Acceptance criteria:

  • UI drift audit runs locally and in CI.
  • New raw controls and legacy styles fail the audit.
  • Exceptions are explicit, temporary, and owned.

Phase 1: Common Platform Foundation

Objective: make learning_ai_common_plat strong enough that product teams do not rebuild primitives locally.

1.1 Tokens

Required work:

  • Finalize light theme tokens for canvas, surfaces, borders, text, muted text, focus rings, primary action, danger, warning, success, and info.
  • Organize token layers in a Cipher-inspired model:
    • primitives for raw color/spacing/type/effect scales
    • aliases for product-neutral named choices
    • semantics for UI meaning such as surface, border, text, danger, warning, success, focus
    • typography for role-based text styles
    • effects for shadows, rings, overlays, and motion
  • Normalize radius tokens for controls, cards, dialogs, and pills.
  • Normalize spacing tokens for page, section, card, form, table, and toolbar density.
  • Normalize typography tokens for page titles, section titles, body copy, labels, captions, numbers, and code/monospace values.
  • Add motion tokens for duration/easing so hover, focus, drawer, dialog, toast, and skeleton transitions are consistent.
  • Document semantic token usage in packages/design-tokens/README.md.
  • Generate CSS and platform-specific token outputs through scripts only.

Acceptance criteria:

  • No product page needs hardcoded colors for normal UI.
  • Token names express purpose, not visual guesses.
  • Token generation is documented and repeatable.
  • Tokens can be reviewed as a design artifact before product pages consume them.

1.2 Core Primitives

Keep and harden:

  • AppShell
  • Button
  • IconButton
  • Card
  • Panel
  • Surface
  • Field
  • Input
  • Textarea
  • Select
  • Tabs
  • SegmentedControl
  • Badge
  • StatusBadge
  • Timeline
  • DataTable
  • DataList
  • EmptyState
  • Toast
  • Modal
  • ConfirmDialog
  • DropdownMenu
  • Tooltip

Add or extend:

  • PageHeader: title, subtitle, actions, breadcrumbs, status, compact mode.
  • Section: consistent section header/body/action layout.
  • Toolbar: compact action groups and route-level command bars.
  • FilterBar: search, selects, chips, reset, refresh, responsive wrapping.
  • FormSection: grouped fields with description and validation summary.
  • FieldGrid: responsive form layout.
  • AlertBanner: inline alerts and global critical alerts.
  • Skeleton: route, card, table, stat, form, and detail variants.
  • EntityCard: reusable object card for plans, strategies, watchlist entries, marketplace items, and saved presets.
  • MetricCard: stat card optimized for trading/portfolio metrics.
  • ActionMenu: row/card action menu for edit, clone, delete, open, convert, retry.
  • Drawer: detail and edit side panel for dense workflows.

Acceptance criteria:

  • Every primitive has typed props, keyboard-safe behavior, and accessible labels where needed.
  • Storybook demonstrates common states: default, hover, focus, disabled, loading, empty, error, destructive, compact.
  • Product screens can compose all common trading workflow shapes without custom raw controls.

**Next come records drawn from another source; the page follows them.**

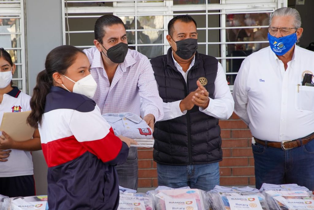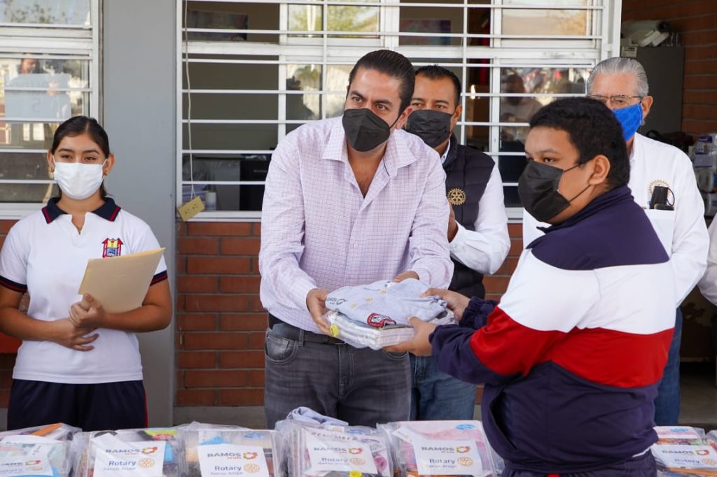 Este jueves el alcalde de Ramos Arizpe, Chema Morales Padilla, acompañado de Ricardo Marcos Garza, Gobernador Rotario del Distrito 4110 y de Mario Aguirre Rangel, Presidente del Club Rotario, entregaron a través del programa social “Vamos de la mano juntos por Ramos Arizpe” paquetes escolares a los alumnos de la Secundaria Técnica No. 3, Carlos Madrazo.
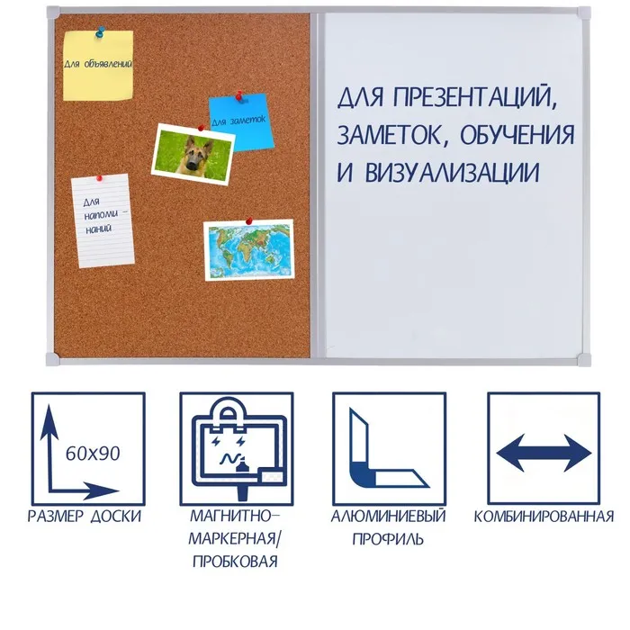 Комбинированная доска серии СТАНДАРТ - магнитно-маркерная и пробковая доски на единой рабочей поверхности - позволит разместить объявления при помощи кнопок и офисных булавок. Широко используется в организациях различного рода деятельности.
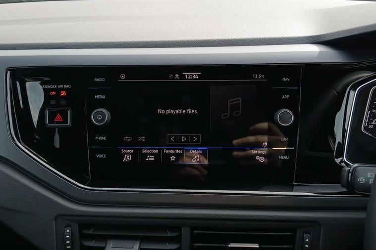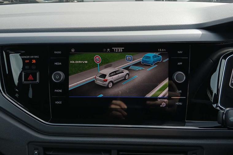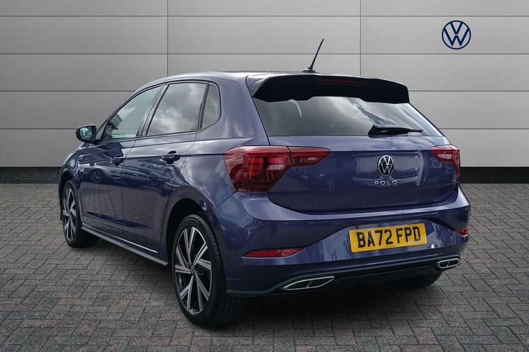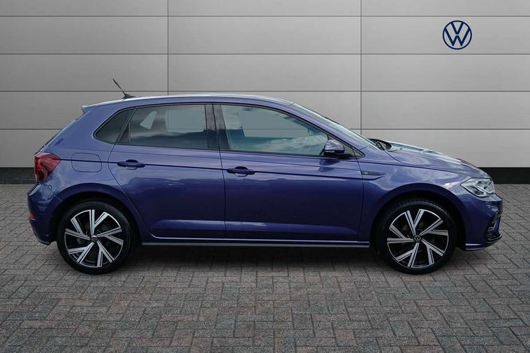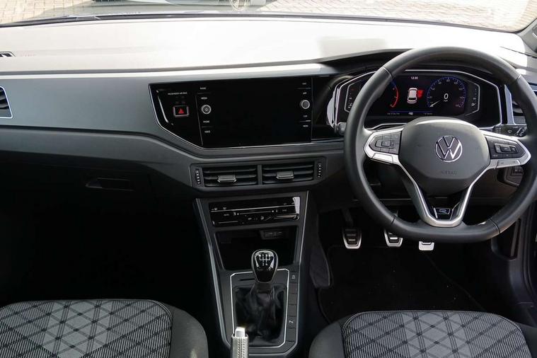 Adaptive cruise control without follow-to-stop and speed limiter, Bluetooth mobile phone interface, Digital Cockpit Pro with 10.25" Display, Driver alert system, Dynamic road sign display, Emergency call service, Power assisted speed sensitive steering, Preparation for We connect and We connect plus, Speedo and rev counter, electronic odometer, trip, service interval display and fuel gauge, Standard rear axle, Travel Assist - Lane keeping system and traffic jam assist, Travel assist including emergency assist, Trip computer, Warning signal and warning light for front and rear seatbelts not fastened, Washer fluid level indicator, Wireless app connect, Front wheel drive, Rear shock absorpion, Start-stop system with battery regeneration (recuperation - energy recovery during braking), DAB Digital radio, Diversity antenna for FM reception, Front and rear 6 speakers, Body colour bumpers, Body colour door handles, Body colour door mirrors, Electric front windows, Front scuff plates with R-Line logo, Heat insulating darkened glass in side and rear windows, Heat insulating glass windscreen, Power folding adjustable/heated exterior mirrors and front passenger exterior mirror lowering function, Rear electric windows, Rear fog light, Rear side wing doors, Rear tinted glass from B-pillar backwards approx 65% tinted, Rear windscreen washer and wiper with interval delay, Third brake light, 12V power socket in centre console, 2 USB-C ports in the front, 2 USB-C charging sockets on the center console in the rear, 3 rear head restraints, 60/40 split folding rear seat and rear seat bench not split, Air care climatronic air conditoning system with active combination filter and 2-zone temperature control, Black roof lining, Ceramique headliner, Chrome plated radiator grille inserts, air vent surrounds and light switch surrounds, Door and side trim panel, Driver and front passenger seat height adjustment, Driver/passenger sunvisors with illuminated vanity mirrors, Front + rear carpet mats, Front centre armrest, Front footwell illumination, Front seat backrest storage pockets, Front sports comfort seats, Handbrake lever handle in leather, Isofix child seat preparation easy-fit (for two outer rear seats, and front passenger seat) compatible with I-size, Karoso artvelours cloth upholstery, Leather trimmed gear knob, LED interior light with switch off delay and dimmer, 2 reading lights front and rear, Luggage compartment cover, Luggage compartment floor, Luggage compartment lighting, Lumbar adjustment for front seats, Multifunction steering wheel, Single front passenger seat, Stainless steel pedals, Standard pedal cluster, Light and sight pack - Polo R-Line/Black Edition, 3 point height adj front seatbelts + pretensioners, 3x3 point rear seatbelts, ABS, Driver and front passenger airbag with front passenger airbag deactivation, Drivers and front passengers safety optimised head restraints, ESC (Electronic stability control) + EDL (Electronic Differntial lock) and ASR (Traction control), Extended and predictive pedestrian/ cyclist protection, Front curtain and side airbags with center airbag, Hill hold control, Manual child lock in rear doors, Single tone horn, Tyre pressure loss indicator, Alarm with interior protection, Anti-theft alarm system with interior monitoring, backup horn, and towing protection, Anti-theft wheel bolts, Electronic engine immobiliser, Chrome applications on rotary light, mirror adjustment, window regulator switches, outlet with frame in black, Dark grey anodised matt decorative inserts in dash and front door panels, Low rolling resistance tyres,

1.3 Platform Storybook And Docs

Required work:

  • Add Storybook stories for all common primitives.
  • Add a Cipher-style UI preview page inside common platform that shows the primitives working together in realistic product compositions.
  • Add operational workflow examples:
    • dense table with actions
    • card list with statuses
    • settings form
    • critical alert
    • confirm delete
    • loading and empty states
    • mobile shell
  • Add accessibility addon coverage and keyboard notes.

Acceptance criteria:

  • Designers and developers can inspect component states without launching the trading product.
  • Storybook becomes the source of truth for shared component behavior.
  • Storybook includes enough realistic examples to judge whether the system feels production-grade.
  • Common platform can demonstrate a full operational screen composition using only shared primitives.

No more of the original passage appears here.